Model evaluation techniques in practice
To effectively match enterprise needs with model capabilities, use a robust set of evaluation criteria to direct the model evaluation process. These criteria cover a spectrum of priorities, from correctness and completeness to factuality and sensitive data handling. Each criterion aligns with specific techniques to deliver actionable insights. For instance, when factual accuracy is critical, metrics like ROUGE-L score or cosine similarity provide concrete, quantifiable benchmarks. Conversely, use techniques such as LLM-as-a-judge to evaluate readability and freshness. These techniques offer flexible, qualitative insights tailored to organizational standards. Key dimensions for evaluating models include:
-
Correctness – Validates the accuracy of information provided
-
Completeness – Verifies the depth and coverage of responses
-
Readability – Assesses clarity and ease of understanding
-
Freshness of information – Checks that content is relevant and current
-
Sensitive data suppression – Checks for proper handling of confidential information
-
Accuracy – Measures alignment with factual information
-
Coherence – Examines logical flow and consistency
-
Factuality – Verifies the truthfulness of the content
-
Comprehensiveness – Assesses the scope and thoroughness of coverage
By anchoring model evaluation techniques in these clear criteria, you can thoroughly vet models for their specific purposes. This structured approach aligns models with enterprise goals, compliance requirements, and user expectations. It also lays a strong foundation for deploying generative AI applications at scale in production environments.

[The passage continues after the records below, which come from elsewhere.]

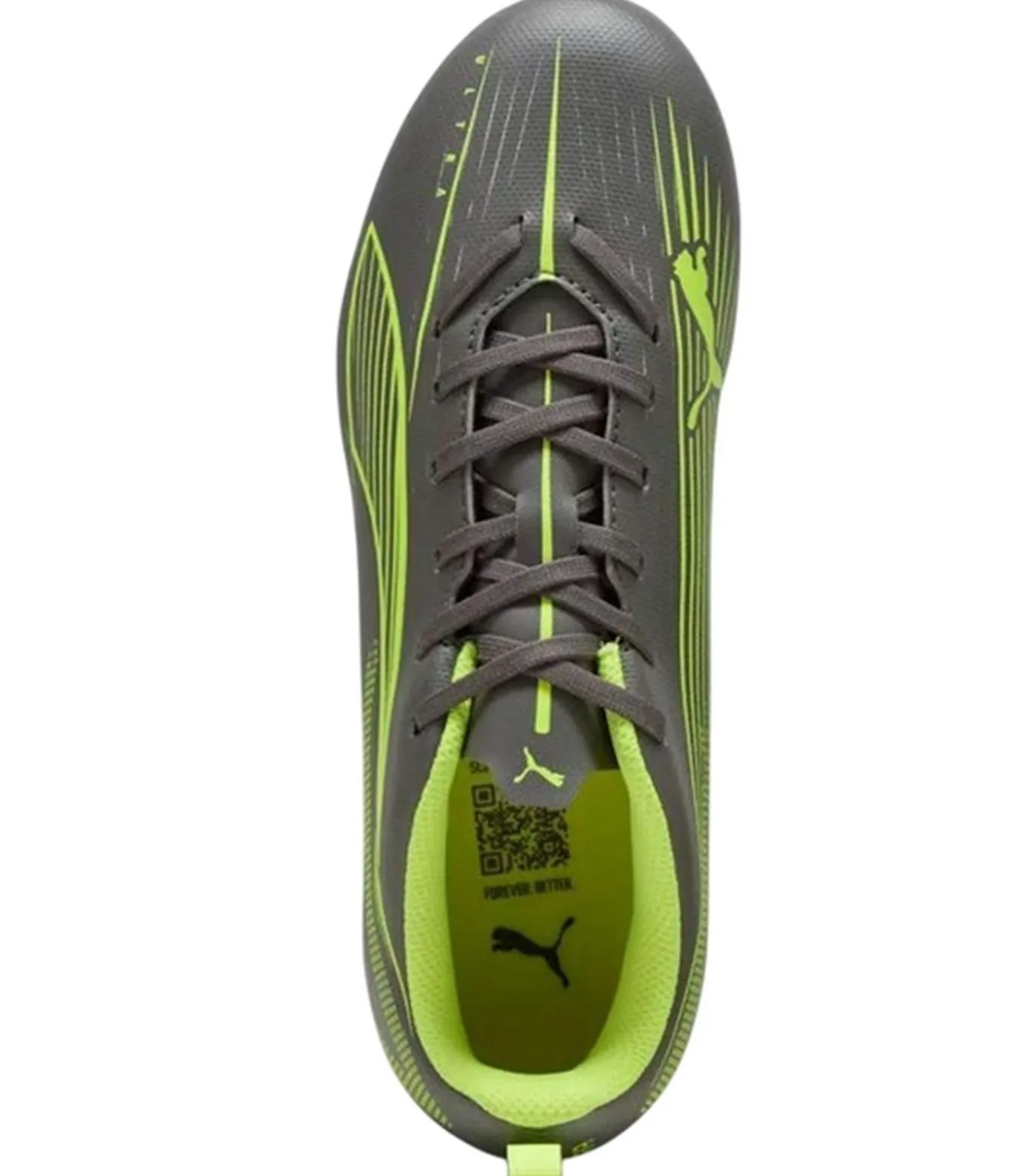 Puma Ultra 5 Play–boots in grijs met sokvoering, Softfoam+ binnenzool, lichtgewicht stoftechnologie en vlakke zolen. Het ontwerp is voorzien van patroonleer, een rond teensysteem en een embleem. Het voetwear is laag gesneden met zes oogjes en heeft een vetersluiting. Deze stevige grond geschikte boots zijn gepatenteerd en beschikbaar in de kleur grijs.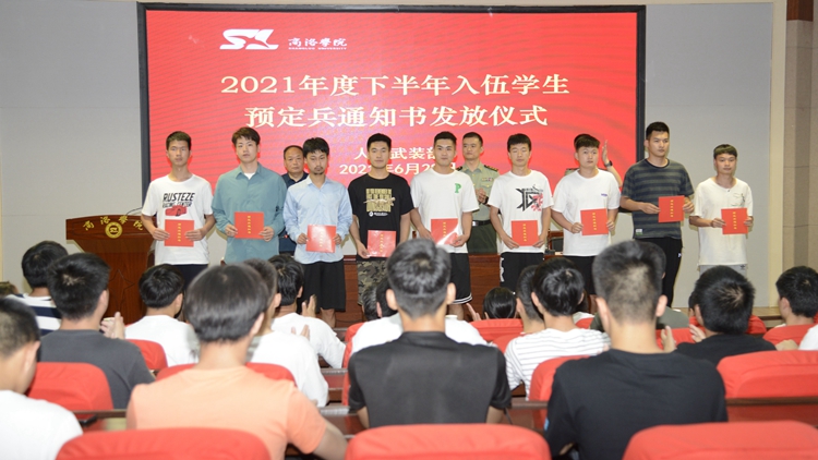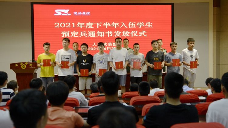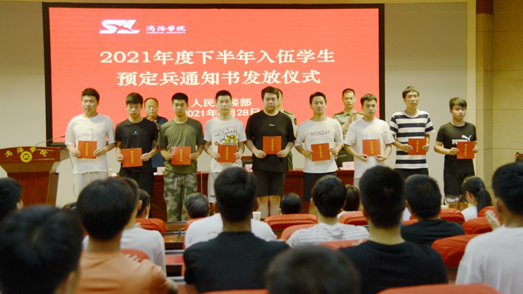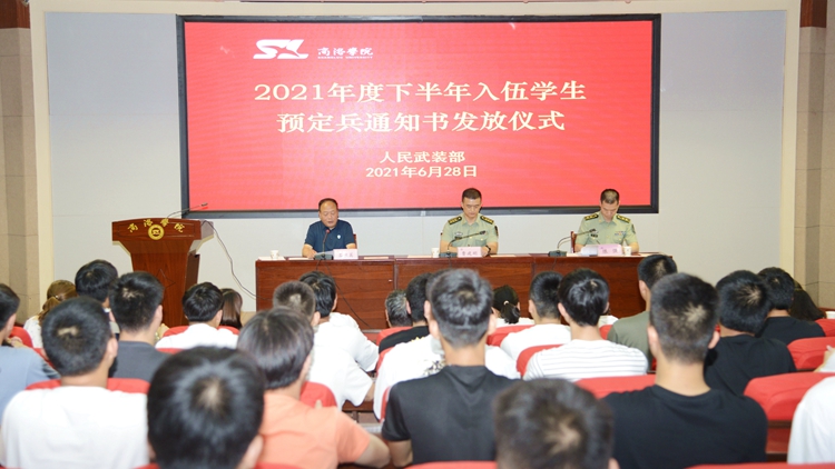 6月28日,今年会官网举办了2021年度下半年入伍学生预定兵通知书发放仪式,商州区武装部部长曹建明上校、副部长陈强中校出席会议。今年会官网学生处处长石启英、各二级学院学工办主任及51名预定新兵参加了会议。会议由石启英主持。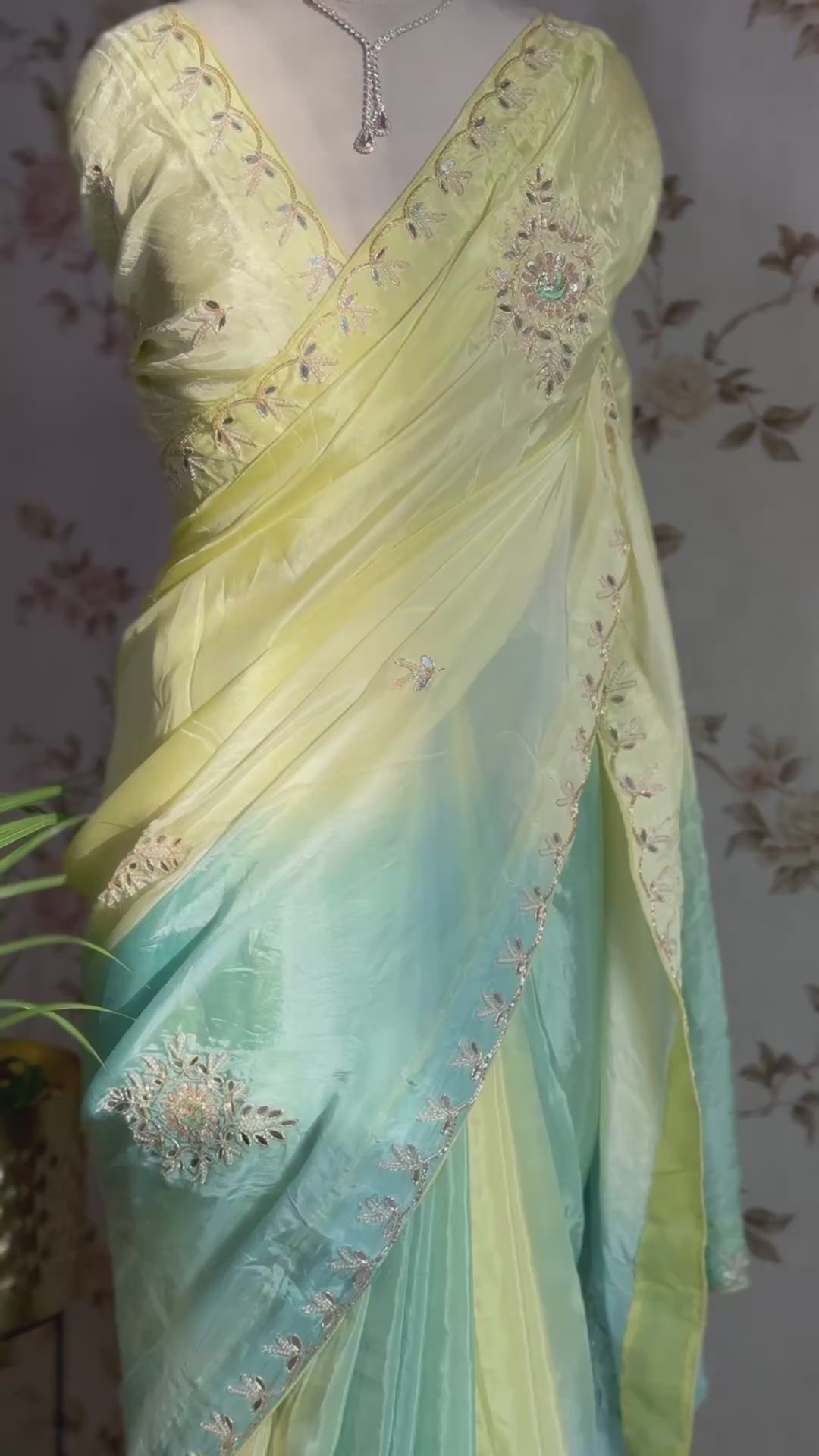 A graceful soft tissue silk saree in dreamy ombré tones of yellow and blue, adorned with a delicate zari, mirror, and pearl work border and boota — paired with a perfectly balanced blouse.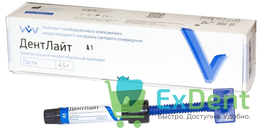 Купить ДентЛайт, оттенок А1 - светоотверждаемый композитный материал (1 х 4,5 г) произведенный компанией ВладМиВа вы можете в ExDent.ru по цене 510руб.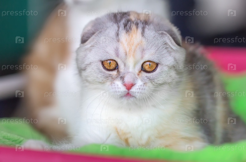 Маленький шотландский вислоухий котенок с желтыми глазами
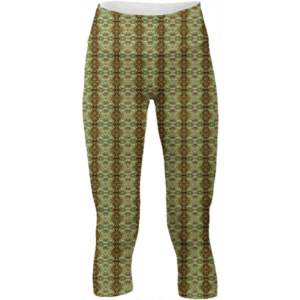 Mid calf length stretch yoga pants with an extra tall waistband for comfort and flexibility during workout.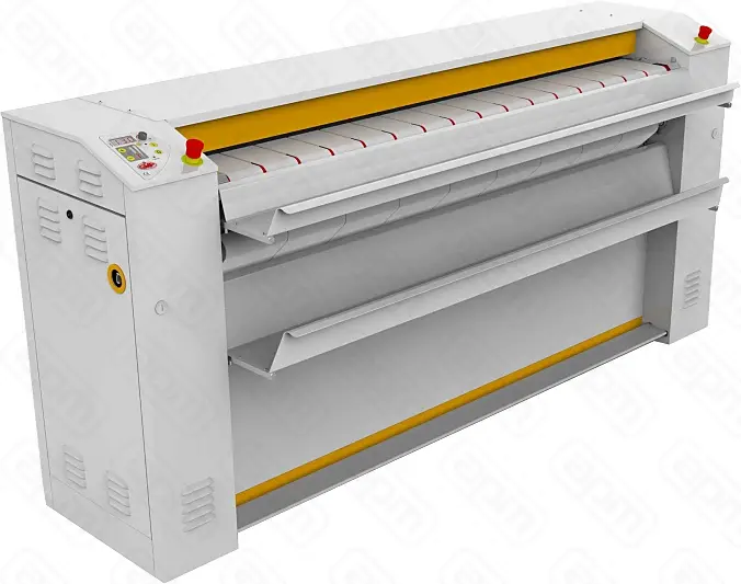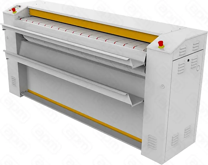 Гладильный каландр для белья с остаточной влажностью 50%: рабочая длина 1800 мм. Вал, Д=325мм. Комплектация: электрический нагрев, корпус из окрашенной стали, напряжение 380В/3фазы + нейтраль, хромированный вал, гладильные ленты из Meta-Aramid 400g/m2 Подача белья на возврат. Электронный контроль температуры. Охлаждающая система "cool-down". Устройство безопасности пальцев оператора. Алюминиевый стол для подачи белья с удобным встроенным лотком. Система вытяжки пара. Ножная педаль с двойным импульсом. Переменная скорость глажения - 1,6-5 м/мин, производительность - 50 кг/час. Габариты: 2340x550x1100 мм. Мощность 25,30 кВт.

Implementation recommendations
To establish an effective foundation model strategy, consider the following recommendations:
-
Form a model governance committee that has clear roles, responsibilities, and decision-making processes.
-
Develop evaluation criteria and scoring mechanisms for the assessment of foundation models before they are available for use across the organization.
-
Remember that the largest foundation model is not necessarily always the best model for your use case. Begin proof-of-concept development with top-tier models to validate business value, and then systematically evaluate smaller models for cost optimization.
-
Develop dashboards to track key metrics, such as inference latency, throughput, error rates, and cost per inference.
-
Provide clear guidance to teams about how to select the right model for their use case, including experimentation processes and evaluation criteria.